Hi there Are the current indexing solutions that we have in Zope 2 and 3 the best that we can have? Is there any way to improve the amount of concurrent indexing a field or text index can handle. The Zope 3 implementation doesn't look significantly different to the Zope 2 one in that it still uses a BTree for forward and reverse index. I have a basic stress test where 10 concurrent threads index 10 random words in a FieldIndex and get too many conflict errors to even consider this a usable scalable indexing solution. I don't really want to index objects in another backend. I really would like to make the ZODB work for me here. Are there solutions here? Can one employ some of the QueueCatalog conflict resolution strategies to make indexes more resilient? Or should one use some locking strategy instead? -- Roché Compaan Upfront Systems http://www.upfrontsystems.co.za
-----BEGIN PGP SIGNED MESSAGE----- Hash: SHA1 Roché Compaan wrote:
Hi there
Are the current indexing solutions that we have in Zope 2 and 3 the best that we can have? Is there any way to improve the amount of concurrent indexing a field or text index can handle. The Zope 3 implementation doesn't look significantly different to the Zope 2 one in that it still uses a BTree for forward and reverse index.
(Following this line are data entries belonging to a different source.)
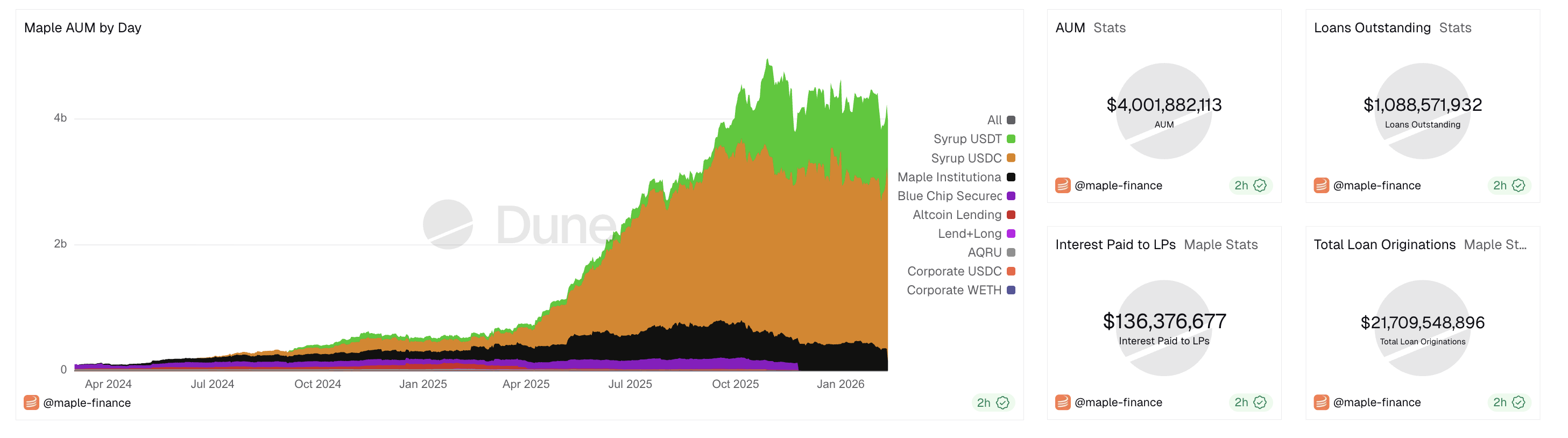 Additionally, the protocol's AUM has exceeded $4 billion, while outstanding loan balances account for $1.08 billion. The steady revenue and rising AUM suggest that Maple Finance's ecosystem continues to expand amid increasing market demand.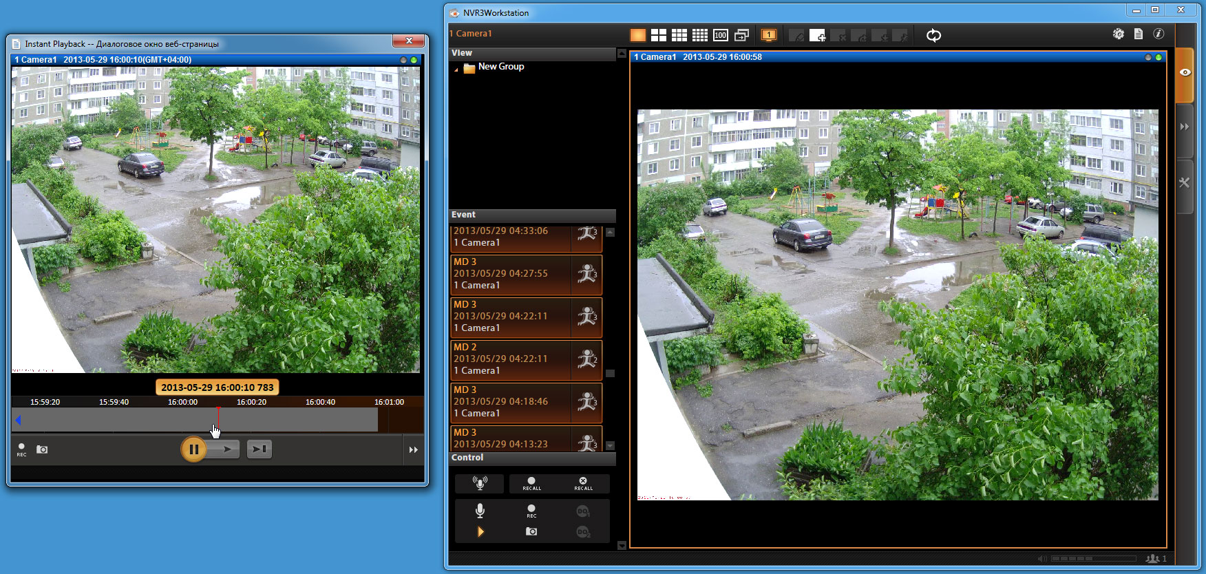 В левой части окна расположен список последних событий, накапливающийся с момента запуска программы. Этот список состоит из указателя типа события, даты и имени камеры, зафиксировавшей данный event. Здесь же отображается уровень зафиксированного камерой движения (от 1 до 3). Перейти к быстрому просмотру последних событий можно двойным щелчком мышки на выбранной строчке. В появившемся окне просмотра, которое называется Instant Playback (мгновенное воспроизведение), пользователь может быстро «отмотать» видеозапись назад или вперед, это делается путем перетаскивания серого участка таймлинии относительно центрального указателя. При перетаскивании программа отображает выбранное текущее время с точностью до секунды.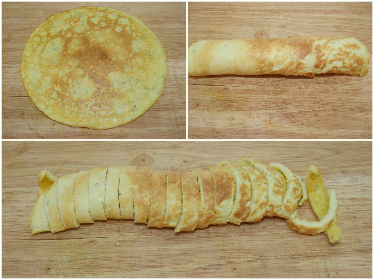 Una volta pronta, arrotolate la frittata e tagliatela a rondelle.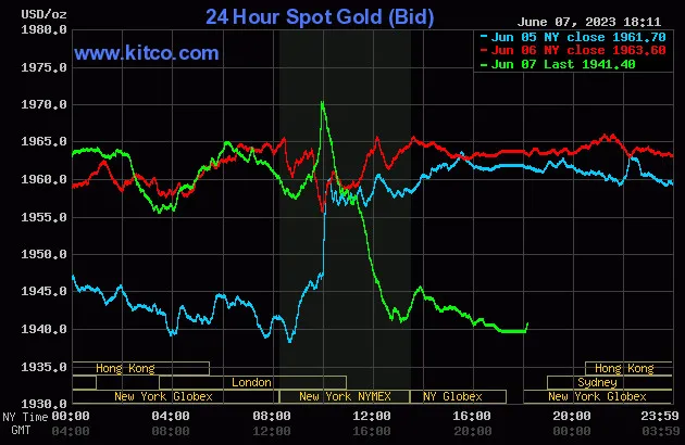 Vào lúc 5 giờ 10 phút sáng hôm nay 8/6 (giờ Việt Nam), giá vàng giao ngay thế giới niêm yết trên Kitco neo ở mức 1.941,40 USD/ounce, quy đổi tương đương 55,962 triệu đồng/lượng.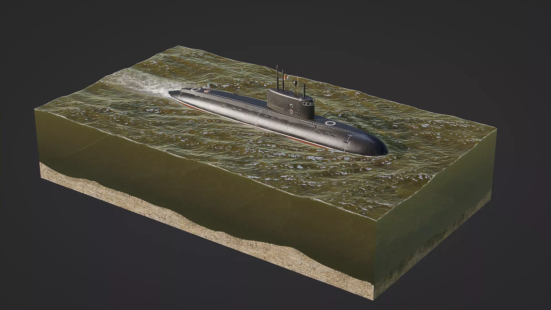Low poly model of Multi-Purpose Diesel-Electric Submarine of the project 636.3 Varshavyanka.

I have a basic stress test where 10 concurrent threads index 10 random words in a FieldIndex and get too many conflict errors to even consider this a usable scalable indexing solution. I don't really want to index objects in another backend. I really would like to make the ZODB work for me here.
Are there solutions here? Can one employ some of the QueueCatalog conflict resolution strategies to make indexes more resilient? Or should one use some locking strategy instead?
Check out QueueCatalog, which batches up indexing changes for processing within a single thread. svn://svn.zope.org/repos/main/Products.QueueCatalog Tres. - -- =================================================================== Tres Seaver +1 540-429-0999 tseaver@palladion.com Palladion Software "Excellence by Design" http://palladion.com -----BEGIN PGP SIGNATURE----- Version: GnuPG v1.4.6 (GNU/Linux) Comment: Using GnuPG with Mozilla - http://enigmail.mozdev.org iD8DBQFG7xSB+gerLs4ltQ4RAl+1AJ91FF672IEULtl4wMlSm+eoDIIaSgCfZJfP vzzs3S+KsfEliNXdWWNos7E= =3p6D -----END PGP SIGNATURE-----
On Mon, 2007-09-17 at 19:57 -0400, Tres Seaver wrote:
-----BEGIN PGP SIGNED MESSAGE----- Hash: SHA1
Roché Compaan wrote:
Hi there
Are the current indexing solutions that we have in Zope 2 and 3 the best that we can have? Is there any way to improve the amount of concurrent indexing a field or text index can handle. The Zope 3 implementation doesn't look significantly different to the Zope 2 one in that it still uses a BTree for forward and reverse index.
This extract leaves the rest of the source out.